NUMBER OF RELATIONS Number of Relations DARPA MR Domains <50 NYU, Yago <100 NELL ~500 DBpedia 3.2 940 PropBank 3,600 VerbNet 5,000 WikiPedia InfoBoxes, f > ~5,000 10 TextRunner (phrases ) 100,000+ ReVerb ( phrases ) 1,000,000+ Etzioni, University of Washington 22

SAMPLE OrrF EXTRACTED RELATIONS Relation Phrases invented acquired by has a PhD in inhibits tumor denied voted for growth in inherited born in mastered the art of is the patron downloaded aspired to saint of expelled Arrived from wrote the book on Etzioni, University of Washington 23

Relation Phrases Etzioni, University of Washington 24

Open IE: TextRunner (2007) • Cleaning up relations – Unsupervised, probabilistic synonym detection • P(Bill Clinton = President Clinton) – Count shared (relation, arg2) • P(acquired = bought) – Relations: count shared (arg1, arg2) Etzioni, University of Washington 25

Semantische Technologien (M-TANI) Christian Chiarcos Angewandte - PowerPoint PPT Presentation

Aktuelle Themen der Angewandten Informatik Semantische Technologien (M-TANI) Christian Chiarcos Angewandte Computerlinguistik chiarcos@informatik.uni-frankfurt.de 11. Juli 2013 Machine Reading & Open IE Pretext: Continue from last

Semantische Technologien (M-TANI) Christian Chiarcos Angewandte Computerlinguistik

UB UBK GmbH Integration von operativen Prozessen Agenda mittels Embedded Internet Technologien

Routing on Flat Labels Hauptseminar Innovative Internet-Technologien und Mobilkommunikation

Master Seminar Innovative Internet-Technologien und Mobilkommunikation WS 2011/2012 Prof.

Technologien und Mobilkommunikation Self-Healing in Self-Organising Networks Oliver Scheit

Discovering, Visualizing and Sharing Knowledge through Personalized Learning Knowledge Maps The

Adaptivitt in Lernplattform en W ie knnen Lernstile erkannt und bercksichtigt w erden?

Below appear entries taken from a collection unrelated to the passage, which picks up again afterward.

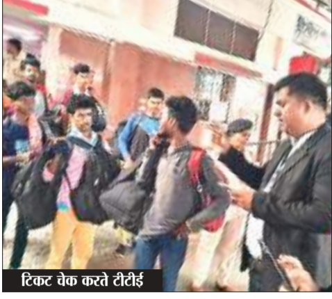
टिकट चेक करते टीटीई

यह नजारा सिर्फ धनबाद स्टेशन पर ही नहीं बल्कि गोमो, पारसनाथ, कोडरमा, चंद्रपुरा, बरकाकाना, पतरात व डालनगंज समेत अन्य स्टेशनों पर भी देखने को मिलता है। मध्यम व गरीब तबके के यात्रियों से जबरन वसूली करते कभी भी सुबह से दोपहर तक देखा जा सकता है।
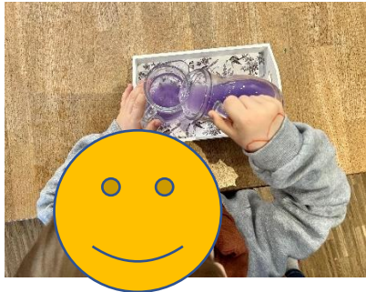
Gießen von Flüssigkeiten
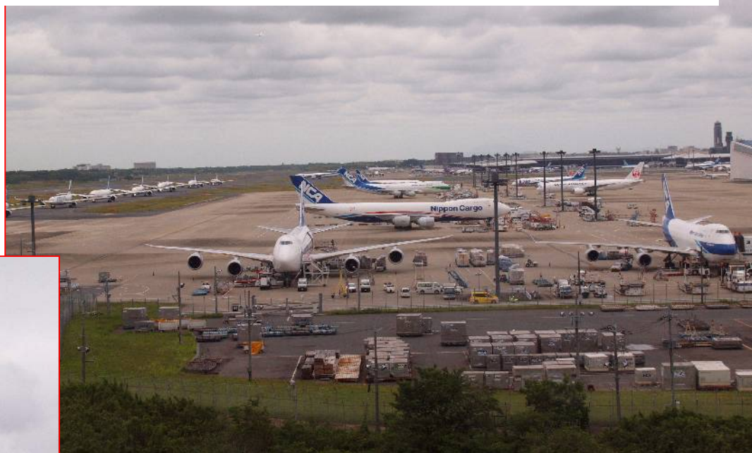
展望フロアから 左側に並んでいる飛行機が順番に離陸して行きました
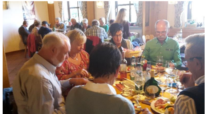
die Brotzeit schmeckte allen
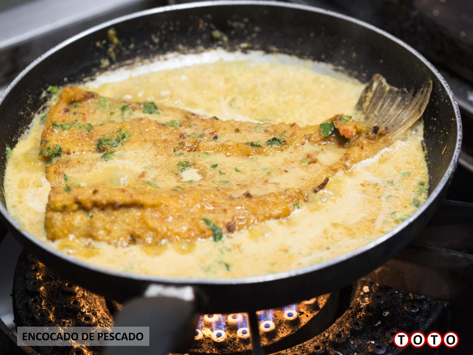
ENCOCADO DE PESCADO
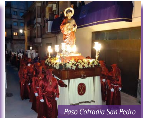
Paso Cofradía San Pedro

Pero hay que mirar hacia delante. Tenemos que mantener esa ilusión y pasión por la Semana Santa que tanto nos caracteriza a los calandinos. El domingo 10 de abril de 2022 se acerca. Los tambores volverán a inundar las calles de Calanda de morado. Y cuando eso ocurra, significará que la pandemia del coronavirus habrá terminado ■
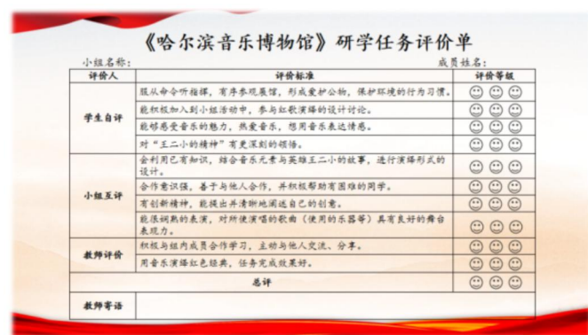
图4 研学手册之《哈尔滨音乐博物馆》研学任务评价单

构建自评、互评、师评三维评价体系，围绕秩序规范、参与度、音乐感知、红色精神领悟、创意设计、合作能力、舞台表现等维度开展过程性评价，全面反映研学育人效果。
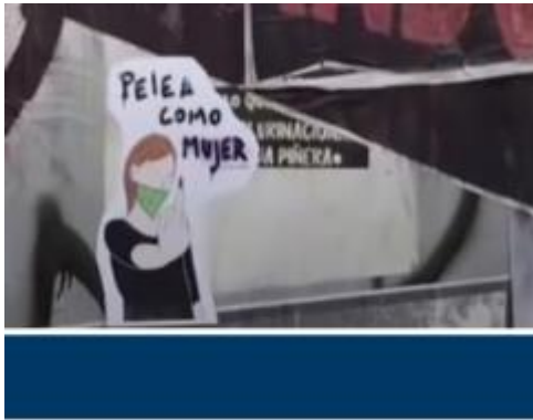
( Fuente:RT en Español. “El grafiti como herramienta de protesta en Chile”.Youtube, 25 Noviembre 2019)
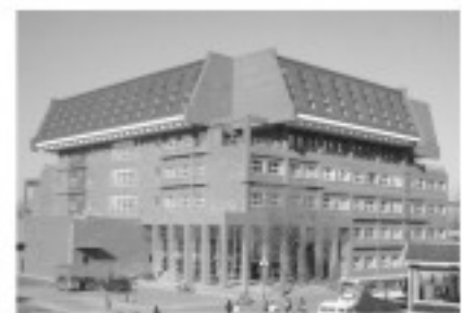
北京大学生命科学学院大楼

的人格。学习和科研不是一件苦差事,不需要强调学生一定要吃苦,但学生一定要喜欢自己从事的事业。从大学到研究生,学生会经历18岁到25岁,这是人生中极为关键又极难的阶段。18岁时尚未定型,什么职业都可以做,但到了25岁就突然变成了某一个领域的人。在这个阶段,学生应该花时间去积极寻找自己的兴趣,确定自己一生要做什么,目的是要找到自己的出路,而不是找到讨厌的东西。“学生要找到自己心灵上能够真的感到幸福的事情。”饶老师表达了自己对学生的期待。
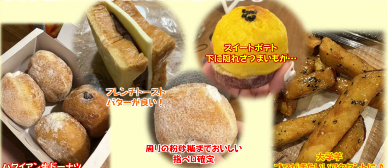
ハワイアン生ドーナツ

2026年もおいしいものをたくさん食べまくりたいと思いますので、今年も【食いしんぼ】をよろしくお願いします😊
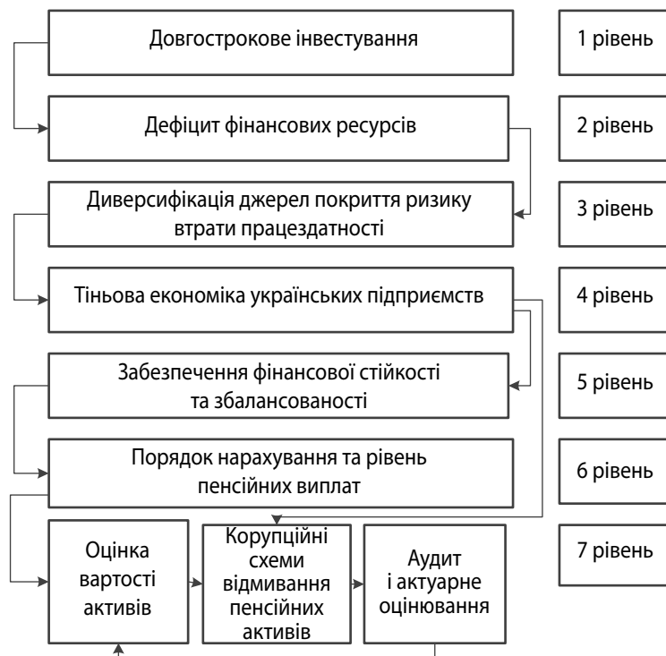
Рис. 3. Ієрархія впливу ризиків щодо шляхів удосконалення механізму державного регулювання загальнообов'язкового накопичувального пенсійного забезпечення

З апропоновано шляхи вдосконалення механізму державного регулювання загальнообов'язкового накопичувального пенсійного забезпечення, що сприятиме комплексній побудові ризик-орієнтованого підходу та забезпечить стабільність всієї пенсійної системи:

Testen von Microservices Jrg Pfrnder Hypoport AG EUROPACE EUROPACE 15% der

Knowledge Graphs on the Web Which information can we find in them and which can we not?

Knowledge Representation 8 AI Slides (6e) c Lin Zuoquan@PKU 2003-2020 8 1 8 Knowledge

AN INTRODUCTION TO CONTENT DETERMINATION Gerard Casamayor Chris Mellish Contents 1. The place

Machine Learning and Knowledge Graphs Pasquale Minervini University College London @pminervini

Student Projects Multimedia Information Systems 2 VU (707.025) (Visual Analytics) SS 2016

A Neural Network Architecture for Detec2ng Gramma2cal Errors in SMT A Neural Network Architecture

Risk Management Workshop 1 Risk management workshop Why do we Risk Risk and need risk

Introduction Sung-Eui Yoon ( ) Course URL: http://sglab.kaist.ac.kr/~sungeui/CG About

OpenAIRE Advance Advancing Open Scholarship @ openaire_eu WACREN 2018 Conference and Annual

Cut Price Slides USDA/AMS weekly reported negotiated wholesale prices (national FOB plant)

L Ill > I Yt= Stvt 1441>1 na (2) ) Ex AN )Y Stv Ki ( ,i - 1 -

Grouping Synonyms by Definitions Ingrid Falk 1 , Claire Gardent 2 , Evelyne Jacquey 3 , Fabienne

XBOX-2 Status and Crab Cavity Testing Ben Woolley G. Burt, A. Dexter, G. Mcmonagle, I.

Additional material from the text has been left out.